Our concept to partly explain this conundrum points to the appearance of vascular risk factors to AD that critically enhance age-dependent cerebral blood flow decline to a level where energy supply no longer matches neuronal demand. This outcome dooms specific neurons to slowly perish as a consequence. Intuitively, hardy resistance to these ubiquitous clinical insults may be consistent with the ability to avoid or combat conditions that significantly diminish brain blood flow in some aged individuals.

We showed this to be the case in previous CBH animal studies, when young and old rats were subjected to CBH for 9 months and only the old rats progressively worsened from the reduced CBF to usher in ATP deficiency, memory impairment, astrocytosis, microtubule associated protein loss, and entorhinal cortical atrophy, characteristics of AD [146, 147].

Importantly, these noxious outcomes in aged rats clinically mimicked AD manifestations that are known to materialize and slowly destroy brain structure and function. Other studies have amply confirmed our findings [148].

Strong evidence favors the view that the vascular path to sporadic AD onset has one crucial mission: to demolish highly active neurons that control cognitive domains. This is generally a slow-paced grind that can take decades to achieve. Knowledge of what sets in motion this cognopathic process should crack open a century of mystery plaguing the aging human mind.

In the last 15 years, good progress has been made in the fields of neuroradiology, biochemistry, physiology, and avior, to lend credence to the concept of AD as a vascular disease with neurodegenerate consequences [16].

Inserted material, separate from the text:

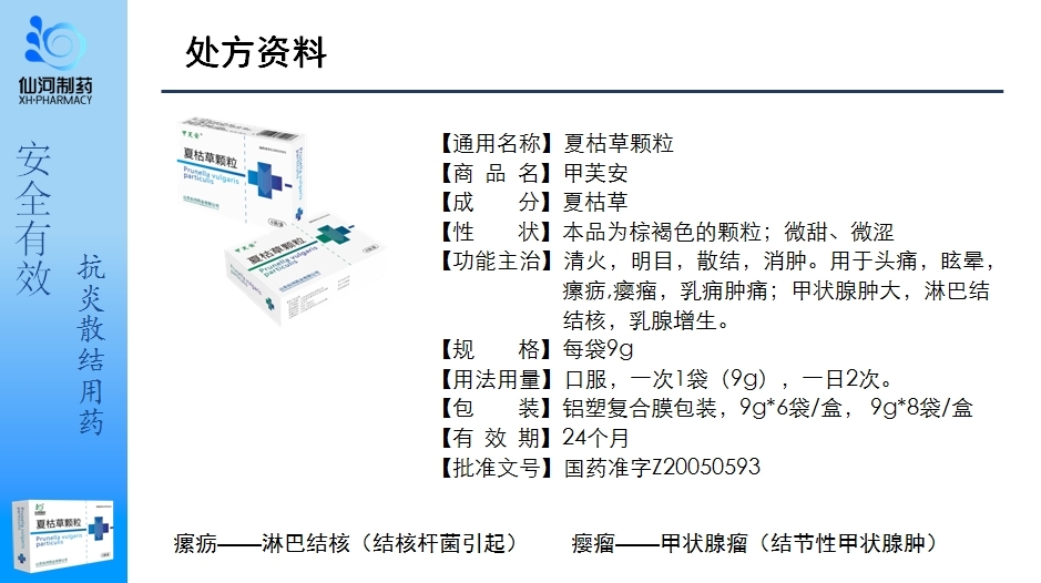 | 功能主治 | 清火,明目,散結(jié),消腫。用于頭痛,眩暈,瘰疬,癭瘤,乳癰腫痛,甲狀腺腫大,淋巴結(jié)結(jié)核,乳腺增生。 |

Nonetheless, ‘old paradigms die hard’, as Karl Albrecht once said, even when scientific evidence consistently fails to provide validation of their merit or usefulness.

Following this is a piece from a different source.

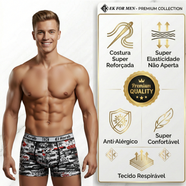 Atualmente, uma das principais reclamações dos homens no dia a dia são em relação à qualidade de suas cuecas. Alguns reclamam de cuecas com tecidos desconfortáveis, que limitam os movimentos e causam assaduras na região da virilha. Alguns reclamam do calor que sentem ao longo do dia, pelo fato do tecido não ser respirável. Já outros, reclamam dos tamanhos que não se ajustam ao corpo. Uma coisa é certa: a maioria dos homens necessita de um alto padrão de qualidade em suas peças íntimas, principalmente para enfrentar os dias longos de trabalho. Mas fique tranquilo. Você, homem, veio no lugar certo. Nós temos a solução perfeita para todos os homens que precisam de boas cuecas, com a melhor qualidade do mercado, em termos de tecido e serviço, por um preço superacessível, que cabe no bolso de qualquer um. **Tamanhos do Produto:** - Trabalhamos com os Tamanhos adulto P, M, G e GG. >> Para saber qual tamanho é ideal se baseie na tabela abaixo: P - Veste manequim do 32 ao 34. M - Veste manequim do 36 ao 38. G - Veste manequim do 40 ao 42. GG - Veste manequim do 44 ao 46. Obs.: Para manequins a partir de 48 olhe a linha Plus Size em nossa loja. **Informações do Produto:** - A El Korab preza pela boa experiência do cliente em primeiro lugar. Todos os nossos produtos são desenhados visando o conforto e a durabilidade. - As nossas cuecas são fabricadas com Tecido de Microfibra, respirável, na composição 92% Poliéster e 8% Elastano, com forro interno de 100% de Algodão. Todos os nossos produtos são originais, patenteados e de fabricação própria. - Nossas peças são atrativas e de qualidade e podem ser adquiridas para a revenda em varejo local. Ou seja, se você trabalha como varejista, o nosso preço pode atender suas demandas. - *Detalhe Importante (Atenção)*: Não é possível escolher as estampas que compõem o kit. O envio das mesmas ficará sujeito a disponibilidade de estoque. **Principais Benefícios:** - Fáceis de vestir; - Respiráveis; - Se ajustam ao corpo; - Não limitam os movimentos; - Não causam assadura. **Especificações do Produto:** 1. Materiais: Poliéster com Elastano; 2. Estampas: Sortidas; 3. Pacote com 10 unidades. **Sobre a El Korab:** - A El Korab é uma loja que tem paixão em conectar os homens com o que há de melhor no mundo das cuecas sem a necessidade de sair de casa. - Nós vendemos produtos de altíssima qualidade, que tornarão a sua vida mais confortável, e o melhor de tudo: a preços acessíveis. Levamos com a comodidade de comprar online todas as tendências direto para o conforto do seu lar. - Desde o momento em que você faz o seu pedido, até na hora da entrega, queremos garantir que você tenha uma excelente experiência. - Todos os nossos produtos são originais, patenteados e de fabricação própria. Por isso oferecemos os melhores produtos, o melhor serviço e o melhor preço do mercado.

Because there is currently no effective treatment for AD, its prevention could be applied immediately by monitoring individuals diagnosed with MCI or with pernicious vascular risk factors to AD. This a feasible office procedure, by physicians who come in contact with mid-age and older patients with memory complaints. The practice could determine if treatment or management of detected vascular abnormalities that can be treated or managed can be applied to prevent CBH acceleration of AD onset.

It goes without saying that our long held algorhithmic-based proposal favoring AD as a vascular disorder and primary driver of CBH during aging, likely has its share of shortcomings, much like any other conceptual framework. Thus far, however, no shortcoming appears sufficiently deadly to collapse the construct of this concept. Perhaps this review will stimulate such challenges.


This work is funded by the Oskar Fischer Foundation in Austin, Texas.